Porque sólo nuestros parientes, los chimpancés que aún se columpian gozosos en las ramas de la selva, han permanecido fieles al karma intelectual que ha alcanzado Zapatero. Soy testigo: en el Zoo de Barcelona, pasé muchas tardes de mi infancia contemplando a Copito de Nieve. Y nunca jamás me transmitió la menor impresión de estar interesado en la lucha por los conceptos; al contrario, la suya más bien parecía la batalla por las bananas –por pelarlas a toda prisa y tragárselas antes que los otros monos de la jaula–. Quién sabe, quizá aquel niño que fui tuvo ante sus ojos el primer laboratorio experimental de democracia avanzada del planeta, y fue incapaz de reconocerlo.

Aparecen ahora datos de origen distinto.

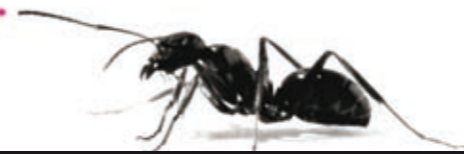
Illustrazione Giulia Cometti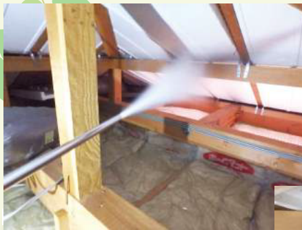
◀小屋裏へのホウ酸ダスティング処理の様子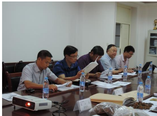
听取甘肃省中药资源普查试点工作汇报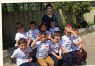
Umutla El Ele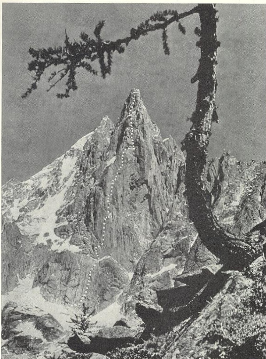
Západná stena Petit Dru s vyznačenou trasou výstupu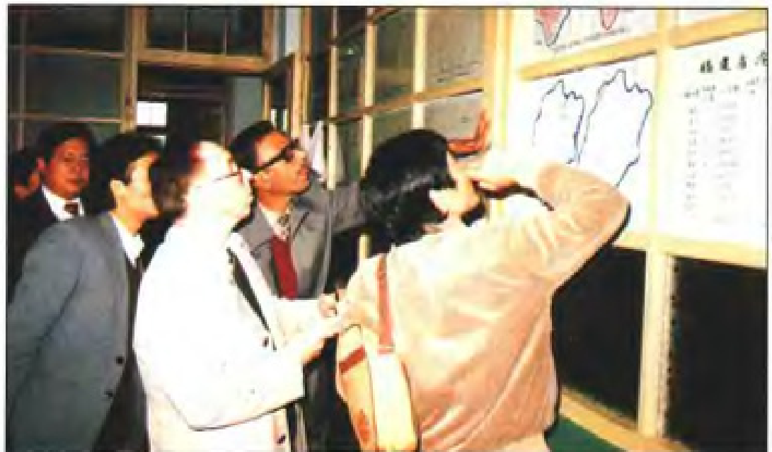
1988年联合国儿童基金会，世界卫生组织专家来福建省审评计划免疫达标情况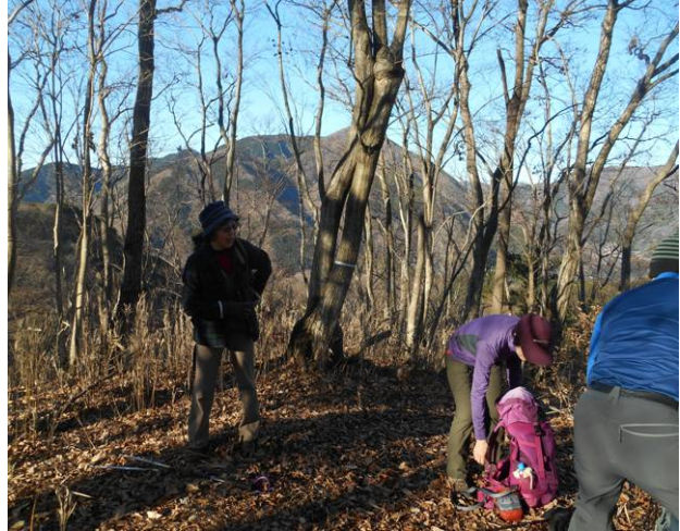
尾根まで約 30 分位で到着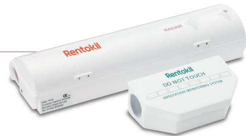
RADAR et MONITOR : Unités non toxiques brevetées pour les zones sensibles

et de traitements en fonction de votre problématique. Cette approche évite les migrations de rongeurs dans des zones sensibles de préparation et de stockage d'aliments. Nos solutions de surveillance garantissent une détection précoce de toute activité de nuisibles. A la pointe de la technologie, le RADAR combine détection électronique et éradication immédiate au CO 2 . Votre technicien Rentokil identifie les faiblesses du bâtiment pour une meilleure herméticité, comme les fissures ou les trous dans les murs, les plafonds et les portes pouvant laisser passer les rongeurs. C'est par une prévention minutieuse que votre établissement sera protégé au mieux.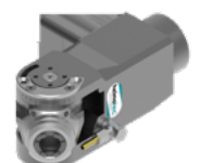
Schwenkkopf (8 043 ...)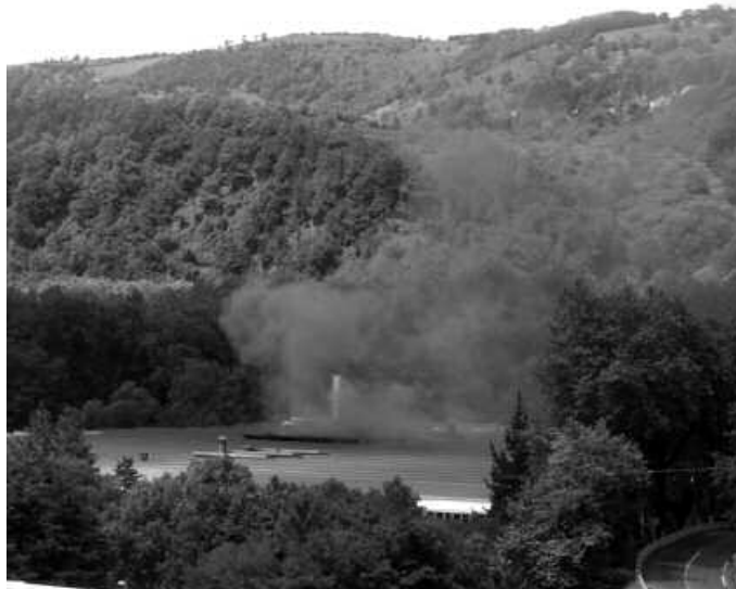
Urriaren 10ean bildu ziren Udala, Ucin eta Eusko Jaurlaritzaren.

Bestelako kontuak ordea, urte luzez herritarren hainbat kexu eragin dituen ke eta usain txarren inguruan. UCINek bere labetan hondakinak erretzeko eskatua zuen baimena eskuratzetik geroz eta gertuago egon liteke. "Bileran Jaurlaritzak berretsi zuen laister erantzungo duela UCIN-ek apirilean bere labean hondakinak erretzeko egindako eskaera, horretarako baimena emanaz, nahiz eta udalak kontrako eskaera egin. Egoera berri horren aurrean, Udalak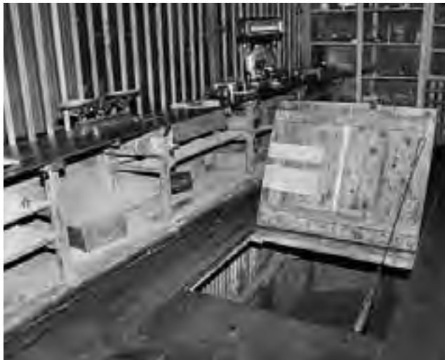
Antiguo sótano y a la vez escondite de la Pulpería de Chacharramendi.

-Guatraché cuenta con buena hotelería y prestadores de servicios que hacen excursiones como Circuito Histórico, Circuito Productivo, Visita al Cristo de la Salud y Colonia Menonita, un asentamiento religioso conservador al que sólo se accede con guía autorizada, para recorrer y conocer sus vivencias, adquirir productos artesanales y hasta compartir un almuerzo en una casa de familia de colonos. Consultas: Carmelo Viajes (02923) 15426936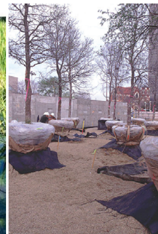
کاشت درختان Cedar Elm در باغ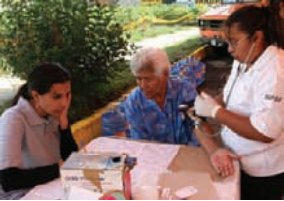
Red Ángel: ejemplo mundial de política integral de protección social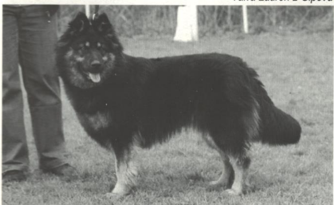
Zefira z Dašického zátiší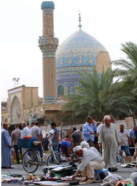
سوق هرج في ساحة الميدان وسط بغداد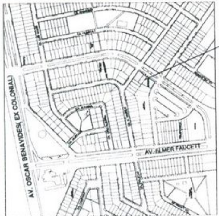
PLANO DE LOCALIZACION

DE LA ZONIFICACION APROBADA : SE APRUEBA EL CAMBIO DE ZONIFICACION DE RESIDENCIAL DE DENSIDAD MEDIA ALTA (RDMA) A COMERCIO LOCAL (CL)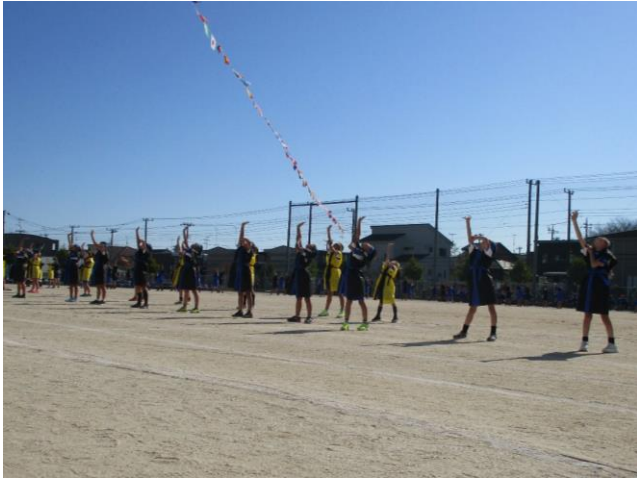
よさこいソーラン 「ヤッ！」決まった！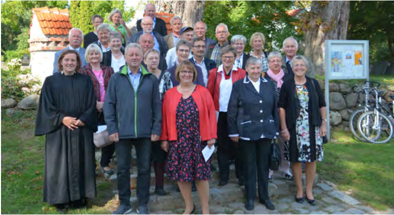
Konfirmationsjubiläum der Jahrgänge 1969-72 in Groß Bisdorf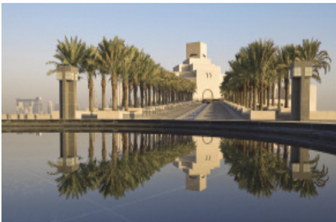
Rampe aus JET MIST-Granit

der Küste Dubais wurde kürzlich mit dem größten Feuerwerk aller Zeiten die Luxus-Insel »Palm-Jumeirah« eröffnet. Auf dem künstlichen Eiland in Palmform, das aus mehr als 100 Mio. m 3 Erde und 7 Mio. t Steinen aufgeschüttet wurde, sollen rund 30 Luxushotels und 1500 Privatvillen errichtet werden. Weitere spektakuläre Projekte entstehen in Abu Dhabi, wo u. a. der französische Stararchitekt Jean Nouvel bis 2012 für mehr als

De todos modos, aunque el presidente y los huérfanos de Copito puedan permitirse ignorarlo, los demás deberíamos recordar que los períodos de caos siempre se inician con una revuelta contra el lenguaje. De pronto, se pierde la fe en las voces y los significados se liberan de las cadenas del diccionario. En el libro XIII de los Anales, Tzu-Lu pregunta a Confucio: "Si el Duque de Wei te llamase para administrar su país, ¿cuál sería tu primera medida?”. Y el maestro responde: “La reforma del lenguaje”. Los deudos inconsolables de Copito y el presidente no lo sabrán, pero ya Confucio intuyó que el Estado, igual que cualquier convención humana, no es más que un enorme edificio construido de palabras; de palabras que sólo lo sostienen gracias a que perviven atadas a sus significados.